Believers in the Lord they were, for sure, those men and women in great number who were added, more than ever, to the apostles. They did not cease to believe in God’s gentle providence. Seeing the signs and wonders done among the people at the hands of the apostles, these men and women sought healing or cure, either for themselves or for others, and thus showed their belief in a God who cares.

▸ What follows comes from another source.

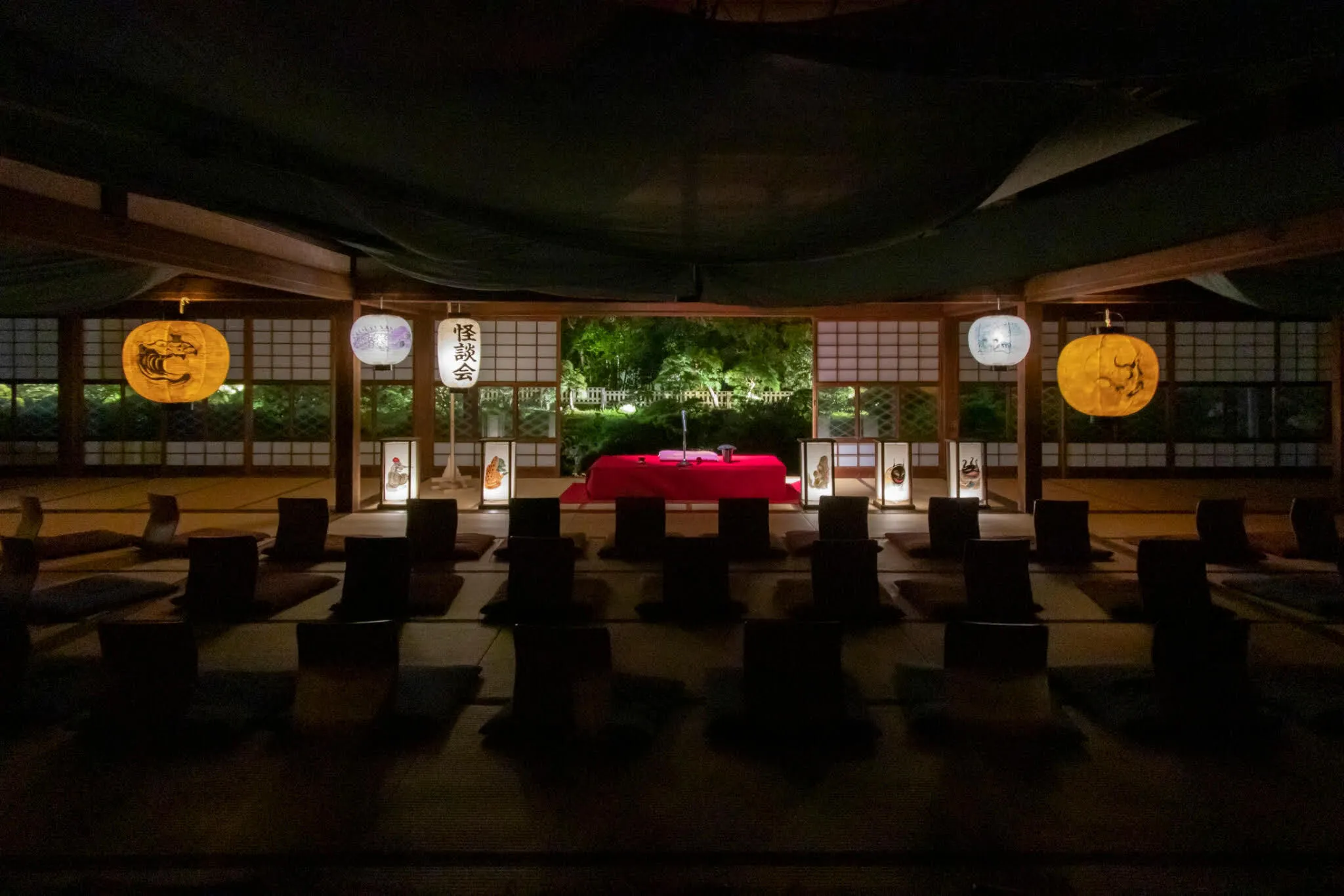 怪談師には城谷渉氏を迎え、提灯と優しくも怪しい光と文化財の中で情緒溢れる空間で行われる当怪談会を今年はより多くの方にお楽しみいただけるよう、オンラインライブ配信に挑戦します。
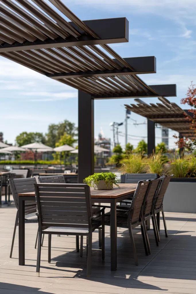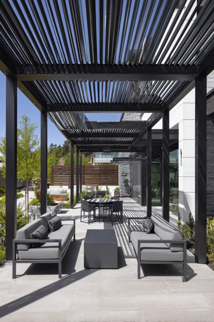 This design features a clean, dark metal pergola with a roof made of very wide, closely-spaced louvered slats, providing great filtered shade over an outdoor dining table. The structure is substantial and perfectly frames the comfortable, modern dining set, giving the whole area a sense of enclosure and intimacy in an otherwise open space. It’s a sophisticated and practical idea for alfresco meals.

In effect, believers then are the blessed poor, those who humbly recognize their need and are not motivated by greed. Believers are those who, far from imposing themselves and their beliefs on others, are able rather to reach out of their own little selves, their doubts and certainties, their very limited senses, and recognize someone bigger, more sensitive and more provident than themselves, and welcome others, including women, as partners in service. Believers are those who acknowledge that there is more to Jesus, to truth, to revelation and its signs and wonders, than can be recounted in books and explained in whatever available earthly forum by any earthly magisterium. Believers are those who share with other believers the distress, the kingdom and the endurance they all have in Jesus, and are, therefore, graced with revelation for the common good, as the Lord looks with favor on their lowliness.
Believers, ultimately, are those who do as Jesus has done, washing others’ feet, serving rather than being served, giving their lives for others, and eating the bread and drinking the cup of the Lord without failing to discern the body lest they eat and drink judgment on themselves (Jn. 13:15; Mt. 20: 28; 1 Cor. 11:23-29).